I get the idea the problem is so rare that it would cost more to flash 1000 ECUs than the value of the new engines that 1000 flashes would prevent the need for. Which, given the difference between the cost of the engine and the cost of the computer work, indicates that not many engines are going to fail.


----------



## Fadclt (Jan 9, 2018)

I am getting a lspi event when going like 45mph and just giving it a little gas. Knocks like ****. Dealership wont do anything. 36k on a 2017. I'm done with GM. I have had so many problems. Faulty radio trunk leaking and now lspi. I guess the dealership is just waiting for it to blow up.


----------



## Ma v e n (Oct 8, 2018)

GM techs can't fix things that aren't broken. They aren't allowed to perform warranty repairs they aren't authorized. They can't just preventative​ly perform software updates and get paid by GM. 

So while many GM techs, including myself, would love nothing more than to fix your car and get paid, the last thing I want to do is work on your car and NOT get paid. 

If you show up, and complain that you're experiencing LSPI events in any shop, including mine...The first thing that gets thought is "here we fcuking go....This guy learned a buzz word from the internet and wants something for free"

And you can be fairly sure that we'll check to see if you have any codes, check to see if you have the proper oil filter installed and have good oil condition, and see if you have any visible receipts for top tier fuel. And then I'm done if there's no DTCs stored. There's nothing else I can do, and there's nothing else I'll get paid to do without getting creative.

However, if you came in and said something like "my car makes this pinging noise sometimes when I accelerate, I can show you if you'd like" you can be pretty sure I'd do the same exact above things, talk to you a little bit about what and when your issue occurs, even if you can't make it happen for me, and then I'd figure out how to get paid for programming your car.

Besides doing work and not getting paid, one thing most techs hate is when customers come in with internet knowledge, forum posts, or any kind of technical explanation of their concern. Use simple everyday language, something that your grandmother or a 4th grader could understand. Dont speek or describe your concerns in technical lingo, jargon or engineering terms or acronyms. Trust me.
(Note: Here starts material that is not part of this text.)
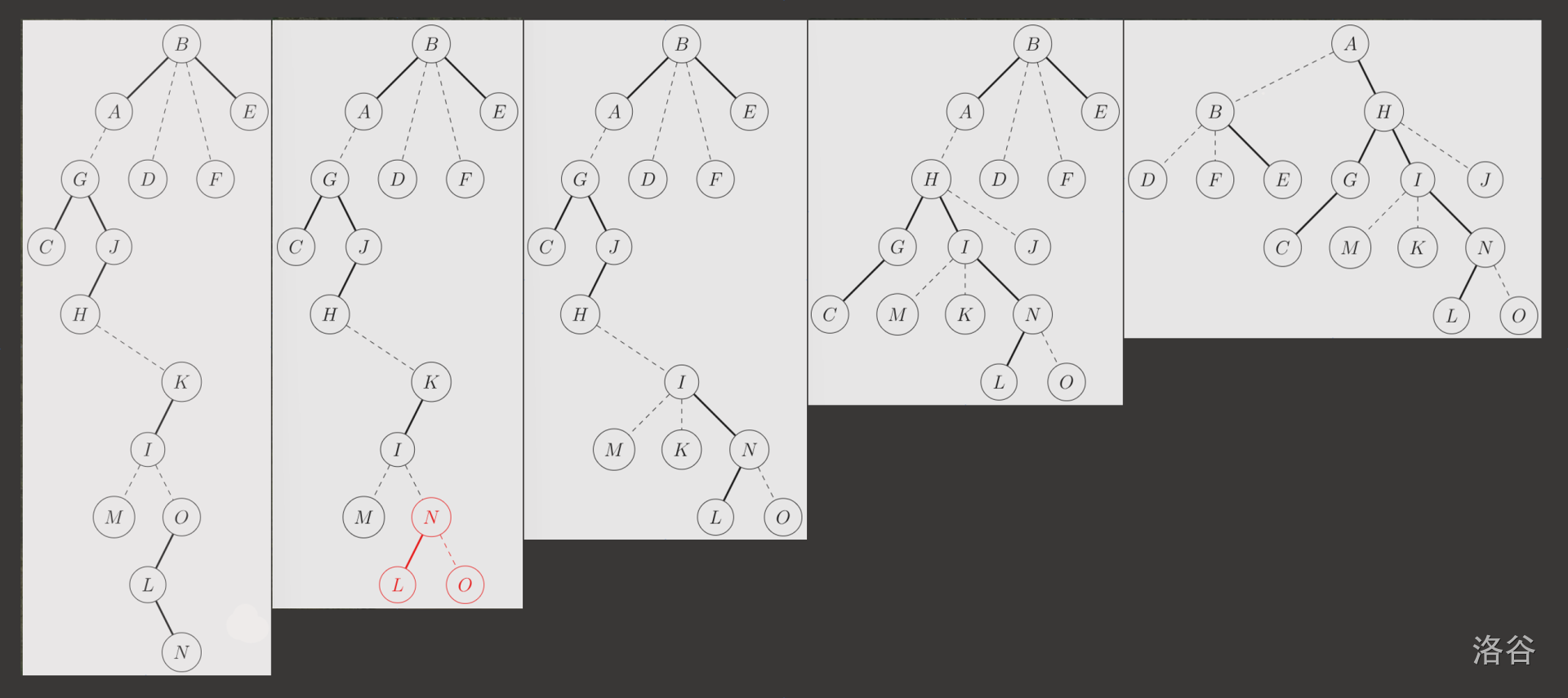 勉强用文字描述,其实对某个点旋转就是把它的父节点“拽”下来,放到该点的下面去。
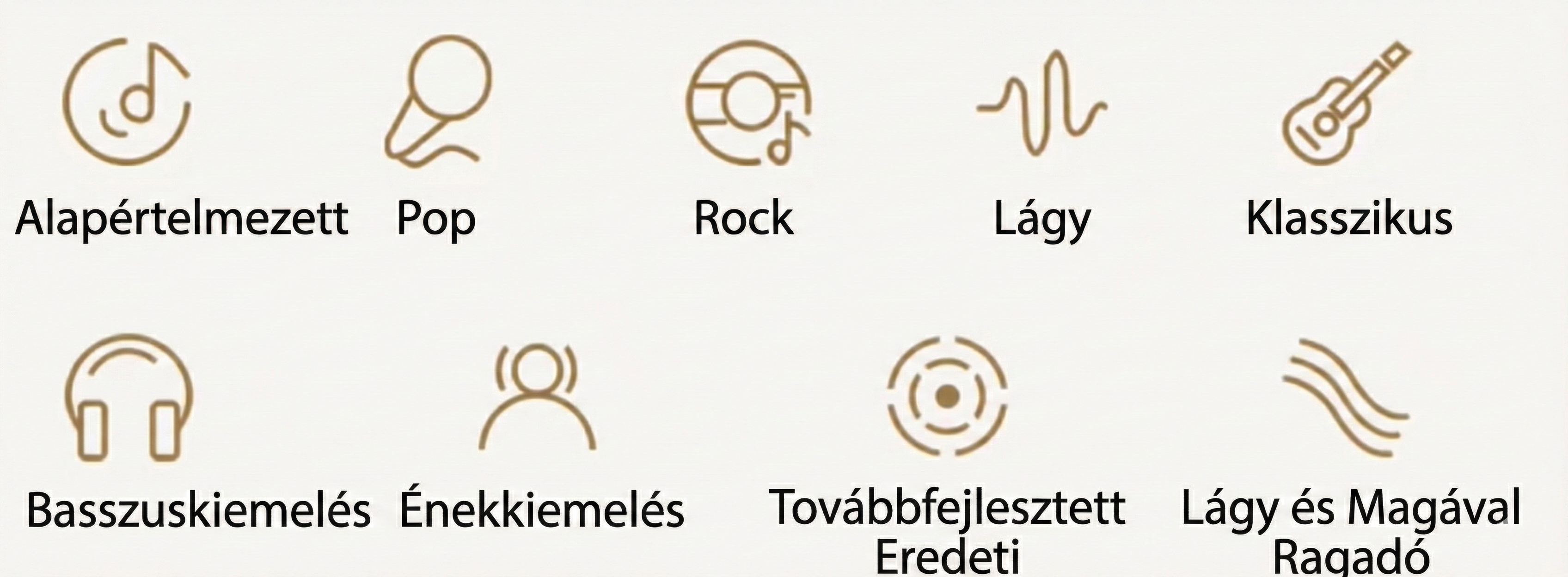 De nem csak a hangzás, hanem az érintőgomb funkciók is átállíthatók és aktív zajcsökkentés is van egész jó, 45dB mértékig.

You'll always get better results and service.


----------



## Ma v e n (Oct 8, 2018)

If you wanna go the assertive know it all route, go in and demand they check to see if your vehicle can be programmed with the calibration referenced I. GM document # 50580870


----------



## HBCRUZE2017 (Jan 25, 2018)

i had mine blow and then a few weeks later got another check engine light and they forgot to update the tune lol fun stuff!


----------